Antakyalı Aziz İgnatius (Theophorus olarak da bilinir) (yaklaşık 35-107) Antakya’nın üçüncü Piskoposu veya Patriği ve Havari Yuhanna’nın öğrencisiydi.İgnatius Roma’daki şehitliğine giderken, aralarında Yuhanna’yı da tanıyan İzmir piskoposu Polikarp’a yazdığı mektubun da bulunduğu bir dizi mektup yazmıştır.Bu mektuplar ilk Hıristiyanların teolojisinin bir örneğidir.Bu mektuplarda ele alınan önemli konular arasında kilise bilimi, sakramentler ve piskoposların rolü yer alır.

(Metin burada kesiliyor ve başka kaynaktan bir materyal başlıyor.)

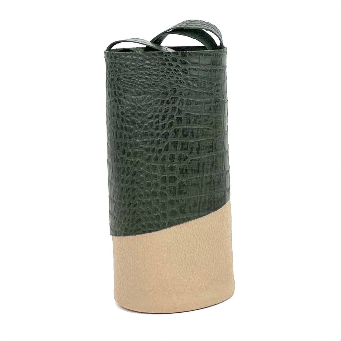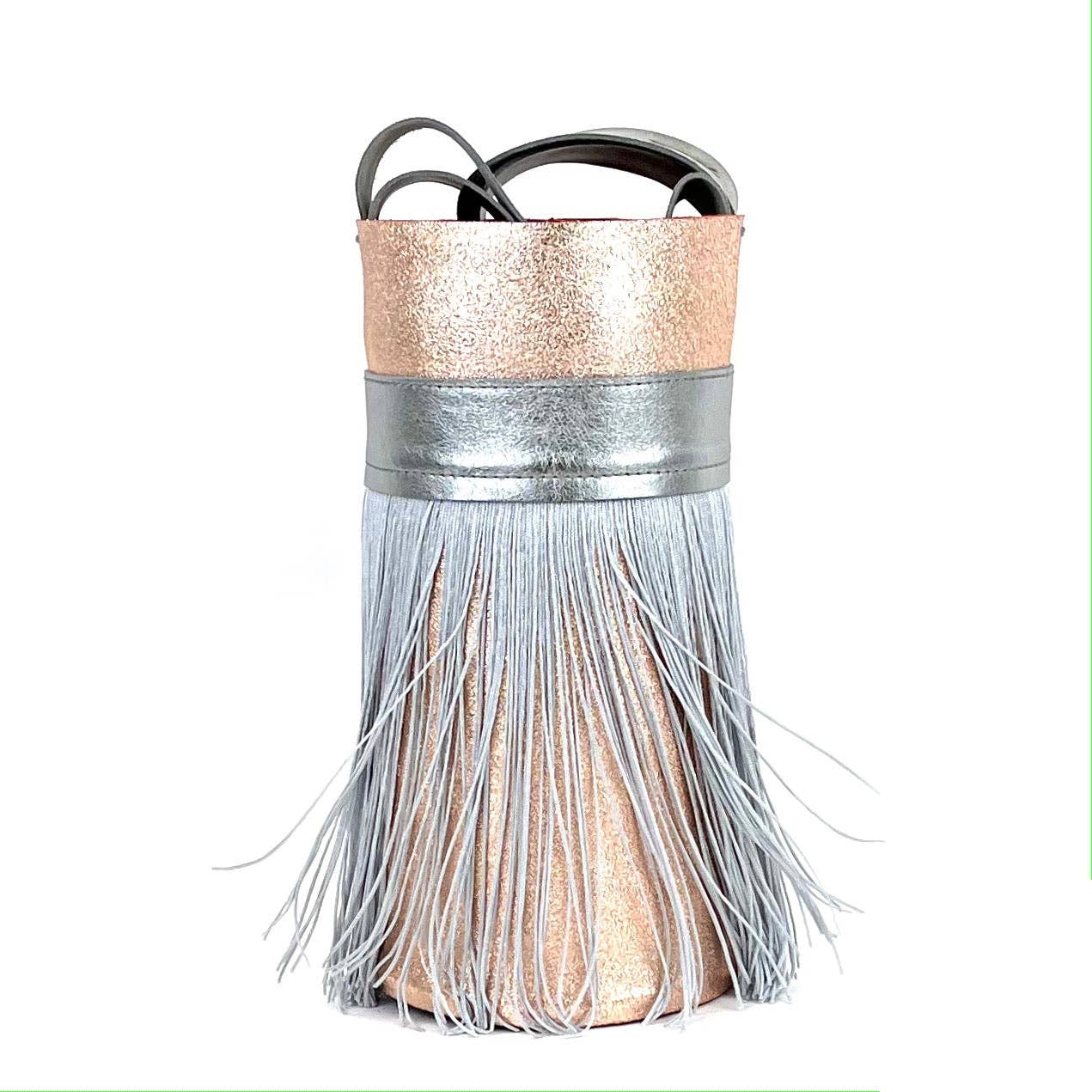 Minicubo Modelltasche aus roségoldenem Leder mit Risseffekt, Anwendung auf kurzen Haaren und erneut ein roségoldenes Leder mit Risseffekt, Basis aus champagnerfarbenem Leder mit Risseffekt. Der Griff ist aus braunem Leder gefertigt. Handgefertigtes, exklusives Design, keine zwei sind gleich. Maße: Höhe 28 cm, Durchmesser der Basis 13 cm, Länge des Griffs ca. 98,5 cm. Trotz ihrer Abmessungen hat diese Taschengröße ein großes Fassungsvermögen. Es kann gekreuzt oder an einer Schulter aufgehängt getragen werden. „Unvollkommenheit macht sie einzigartig.“

Antakyalı Ignatius erken bir kilise papazıydı ve onun hakkında pek bir şey bilinmiyor.Bildiklerimiz öncelikle kendi yazılarından alınmıştır.Ignatius, o zaman Suriye’nin Antakya kentindeki kilisenin piskoposuydu ve MS 110 civarında imparator Trajan yönetiminde öldü.Görünüşe göre, Smyrna piskoposu Polycarp ile birlikte sevgili havari Yuhanna’nın bir öğrencisiydi.Polycarp, Irenaeus ve Origen’in tümü, yaşamı hakkında bildiklerimizi doğrulayan yazılarında ona veya mektuplarına atıfta bulunur.

Antakyalı Ignatius, kendisini imparator Trajan’a tanıttıktan ve Mesih’e bağlılığını ilan ettikten sonra Roma’da ölüme mahkum edildi.Antakya’dan Roma’ya yaptığı yolculukta, Hıristiyanları durdurup ziyaret etmesine izin verildi ve bugüne kadar hayatta kalan yedi mektup yazdı.Bu mektuplarda kiliseleri barışlarını ve birliklerini tehdit eden sapkınlıklar konusunda uyardı ve bize ilk kilisenin nasıl işlediğine dair bir fikir veren dini düzen noktalarına değindi.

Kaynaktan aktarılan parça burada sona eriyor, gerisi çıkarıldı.